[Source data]
+++

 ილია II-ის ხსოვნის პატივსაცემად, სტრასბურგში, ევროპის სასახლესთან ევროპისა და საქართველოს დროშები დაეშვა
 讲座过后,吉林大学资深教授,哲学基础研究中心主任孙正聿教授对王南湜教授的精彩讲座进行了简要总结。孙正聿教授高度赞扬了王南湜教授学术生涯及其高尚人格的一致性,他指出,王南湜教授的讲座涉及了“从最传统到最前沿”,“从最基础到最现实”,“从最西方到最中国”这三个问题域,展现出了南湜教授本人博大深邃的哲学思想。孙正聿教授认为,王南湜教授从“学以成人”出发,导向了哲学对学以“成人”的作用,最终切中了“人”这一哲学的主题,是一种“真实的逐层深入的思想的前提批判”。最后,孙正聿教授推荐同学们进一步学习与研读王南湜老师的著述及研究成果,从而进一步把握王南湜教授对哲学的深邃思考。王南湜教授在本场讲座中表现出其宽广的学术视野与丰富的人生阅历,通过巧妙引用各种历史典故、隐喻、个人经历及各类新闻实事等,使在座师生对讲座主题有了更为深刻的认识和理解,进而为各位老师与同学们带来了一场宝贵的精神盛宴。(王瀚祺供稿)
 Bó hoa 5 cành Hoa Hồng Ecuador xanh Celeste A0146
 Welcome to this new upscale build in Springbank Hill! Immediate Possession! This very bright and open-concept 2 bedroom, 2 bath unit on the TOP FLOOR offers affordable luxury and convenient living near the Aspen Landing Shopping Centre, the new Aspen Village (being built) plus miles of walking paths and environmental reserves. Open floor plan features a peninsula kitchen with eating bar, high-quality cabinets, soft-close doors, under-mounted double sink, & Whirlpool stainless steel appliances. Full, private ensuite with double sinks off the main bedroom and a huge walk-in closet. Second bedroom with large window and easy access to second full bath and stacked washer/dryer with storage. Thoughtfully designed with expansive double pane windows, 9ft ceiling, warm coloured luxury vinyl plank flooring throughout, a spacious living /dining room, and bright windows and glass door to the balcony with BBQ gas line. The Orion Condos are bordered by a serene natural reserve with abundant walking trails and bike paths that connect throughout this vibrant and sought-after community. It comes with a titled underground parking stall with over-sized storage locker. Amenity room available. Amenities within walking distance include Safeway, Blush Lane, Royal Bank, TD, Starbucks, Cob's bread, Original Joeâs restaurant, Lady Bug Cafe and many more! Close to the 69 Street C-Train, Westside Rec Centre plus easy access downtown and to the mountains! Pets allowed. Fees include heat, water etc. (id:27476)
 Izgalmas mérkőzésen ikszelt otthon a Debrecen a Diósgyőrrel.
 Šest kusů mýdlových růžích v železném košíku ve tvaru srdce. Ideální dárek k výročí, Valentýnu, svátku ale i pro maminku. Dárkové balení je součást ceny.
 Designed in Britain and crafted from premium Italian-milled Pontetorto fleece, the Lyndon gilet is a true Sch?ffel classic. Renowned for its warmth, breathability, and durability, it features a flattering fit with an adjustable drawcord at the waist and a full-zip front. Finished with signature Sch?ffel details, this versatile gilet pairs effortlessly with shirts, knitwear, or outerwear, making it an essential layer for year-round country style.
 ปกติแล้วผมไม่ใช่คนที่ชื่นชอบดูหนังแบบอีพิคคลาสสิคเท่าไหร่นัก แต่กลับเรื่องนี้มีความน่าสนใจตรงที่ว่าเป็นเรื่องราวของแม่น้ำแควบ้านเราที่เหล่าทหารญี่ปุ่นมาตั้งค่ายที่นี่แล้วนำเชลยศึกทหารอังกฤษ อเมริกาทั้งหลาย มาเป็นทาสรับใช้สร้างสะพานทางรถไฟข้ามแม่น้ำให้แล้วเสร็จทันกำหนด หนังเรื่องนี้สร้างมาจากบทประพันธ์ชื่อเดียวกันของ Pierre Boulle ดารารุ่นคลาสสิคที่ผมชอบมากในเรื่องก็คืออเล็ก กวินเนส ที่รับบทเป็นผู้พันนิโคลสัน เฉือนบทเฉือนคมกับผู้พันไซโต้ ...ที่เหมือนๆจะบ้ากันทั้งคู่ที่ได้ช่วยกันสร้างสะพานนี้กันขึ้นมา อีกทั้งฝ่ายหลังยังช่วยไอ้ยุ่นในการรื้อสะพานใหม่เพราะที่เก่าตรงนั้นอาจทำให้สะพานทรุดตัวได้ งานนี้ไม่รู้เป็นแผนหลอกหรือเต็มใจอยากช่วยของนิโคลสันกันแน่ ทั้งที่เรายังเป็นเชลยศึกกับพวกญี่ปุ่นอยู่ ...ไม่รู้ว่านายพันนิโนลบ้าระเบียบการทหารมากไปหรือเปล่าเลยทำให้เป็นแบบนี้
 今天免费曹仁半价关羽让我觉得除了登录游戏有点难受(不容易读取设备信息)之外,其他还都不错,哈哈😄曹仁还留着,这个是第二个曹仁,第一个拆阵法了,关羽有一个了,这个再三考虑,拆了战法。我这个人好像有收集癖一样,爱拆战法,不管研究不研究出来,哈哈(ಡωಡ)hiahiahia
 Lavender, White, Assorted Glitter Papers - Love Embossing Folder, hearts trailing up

+++

**PROBLEM**: The records must each be output verbatim, with nothing left out.

**YOUR RESPONSE**:
 ილია II-ის ხსოვნის პატივსაცემად, სტრასბურგში, ევროპის სასახლესთან ევროპისა და საქართველოს დროშები დაეშვა
 讲座过后,吉林大学资深教授,哲学基础研究中心主任孙正聿教授对王南湜教授的精彩讲座进行了简要总结。孙正聿教授高度赞扬了王南湜教授学术生涯及其高尚人格的一致性,他指出,王南湜教授的讲座涉及了“从最传统到最前沿”,“从最基础到最现实”,“从最西方到最中国”这三个问题域,展现出了南湜教授本人博大深邃的哲学思想。孙正聿教授认为,王南湜教授从“学以成人”出发,导向了哲学对学以“成人”的作用,最终切中了“人”这一哲学的主题,是一种“真实的逐层深入的思想的前提批判”。最后,孙正聿教授推荐同学们进一步学习与研读王南湜老师的著述及研究成果,从而进一步把握王南湜教授对哲学的深邃思考。王南湜教授在本场讲座中表现出其宽广的学术视野与丰富的人生阅历,通过巧妙引用各种历史典故、隐喻、个人经历及各类新闻实事等,使在座师生对讲座主题有了更为深刻的认识和理解,进而为各位老师与同学们带来了一场宝贵的精神盛宴。(王瀚祺供稿)
 Bó hoa 5 cành Hoa Hồng Ecuador xanh Celeste A0146
 Welcome to this new upscale build in Springbank Hill! Immediate Possession! This very bright and open-concept 2 bedroom, 2 bath unit on the TOP FLOOR offers affordable luxury and convenient living near the Aspen Landing Shopping Centre, the new Aspen Village (being built) plus miles of walking paths and environmental reserves. Open floor plan features a peninsula kitchen with eating bar, high-quality cabinets, soft-close doors, under-mounted double sink, & Whirlpool stainless steel appliances. Full, private ensuite with double sinks off the main bedroom and a huge walk-in closet. Second bedroom with large window and easy access to second full bath and stacked washer/dryer with storage. Thoughtfully designed with expansive double pane windows, 9ft ceiling, warm coloured luxury vinyl plank flooring throughout, a spacious living /dining room, and bright windows and glass door to the balcony with BBQ gas line. The Orion Condos are bordered by a serene natural reserve with abundant walking trails and bike paths that connect throughout this vibrant and sought-after community. It comes with a titled underground parking stall with over-sized storage locker. Amenity room available. Amenities within walking distance include Safeway, Blush Lane, Royal Bank, TD, Starbucks, Cob's bread, Original Joeâs restaurant, Lady Bug Cafe and many more! Close to the 69 Street C-Train, Westside Rec Centre plus easy access downtown and to the mountains! Pets allowed. Fees include heat, water etc. (id:27476)
 Izgalmas mérkőzésen ikszelt otthon a Debrecen a Diósgyőrrel.
 Šest kusů mýdlových růžích v železném košíku ve tvaru srdce. Ideální dárek k výročí, Valentýnu, svátku ale i pro maminku. Dárkové balení je součást ceny.
 Designed in Britain and crafted from premium Italian-milled Pontetorto fleece, the Lyndon gilet is a true Sch?ffel classic. Renowned for its warmth, breathability, and durability, it features a flattering fit with an adjustable drawcord at the waist and a full-zip front. Finished with signature Sch?ffel details, this versatile gilet pairs effortlessly with shirts, knitwear, or outerwear, making it an essential layer for year-round country style.
 ปกติแล้วผมไม่ใช่คนที่ชื่นชอบดูหนังแบบอีพิคคลาสสิคเท่าไหร่นัก แต่กลับเรื่องนี้มีความน่าสนใจตรงที่ว่าเป็นเรื่องราวของแม่น้ำแควบ้านเราที่เหล่าทหารญี่ปุ่นมาตั้งค่ายที่นี่แล้วนำเชลยศึกทหารอังกฤษ อเมริกาทั้งหลาย มาเป็นทาสรับใช้สร้างสะพานทางรถไฟข้ามแม่น้ำให้แล้วเสร็จทันกำหนด หนังเรื่องนี้สร้างมาจากบทประพันธ์ชื่อเดียวกันของ Pierre Boulle ดารารุ่นคลาสสิคที่ผมชอบมากในเรื่องก็คืออเล็ก กวินเนส ที่รับบทเป็นผู้พันนิโคลสัน เฉือนบทเฉือนคมกับผู้พันไซโต้ ...ที่เหมือนๆจะบ้ากันทั้งคู่ที่ได้ช่วยกันสร้างสะพานนี้กันขึ้นมา อีกทั้งฝ่ายหลังยังช่วยไอ้ยุ่นในการรื้อสะพานใหม่เพราะที่เก่าตรงนั้นอาจทำให้สะพานทรุดตัวได้ งานนี้ไม่รู้เป็นแผนหลอกหรือเต็มใจอยากช่วยของนิโคลสันกันแน่ ทั้งที่เรายังเป็นเชลยศึกกับพวกญี่ปุ่นอยู่ ...ไม่รู้ว่านายพันนิโนลบ้าระเบียบการทหารมากไปหรือเปล่าเลยทำให้เป็นแบบนี้
 今天免费曹仁半价关羽让我觉得除了登录游戏有点难受(不容易读取设备信息)之外,其他还都不错,哈哈😄曹仁还留着,这个是第二个曹仁,第一个拆阵法了,关羽有一个了,这个再三考虑,拆了战法。我这个人好像有收集癖一样,爱拆战法,不管研究不研究出来,哈哈(ಡωಡ)hiahiahia
 Lavender, White, Assorted Glitter Papers - Love Embossing Folder, hearts trailing up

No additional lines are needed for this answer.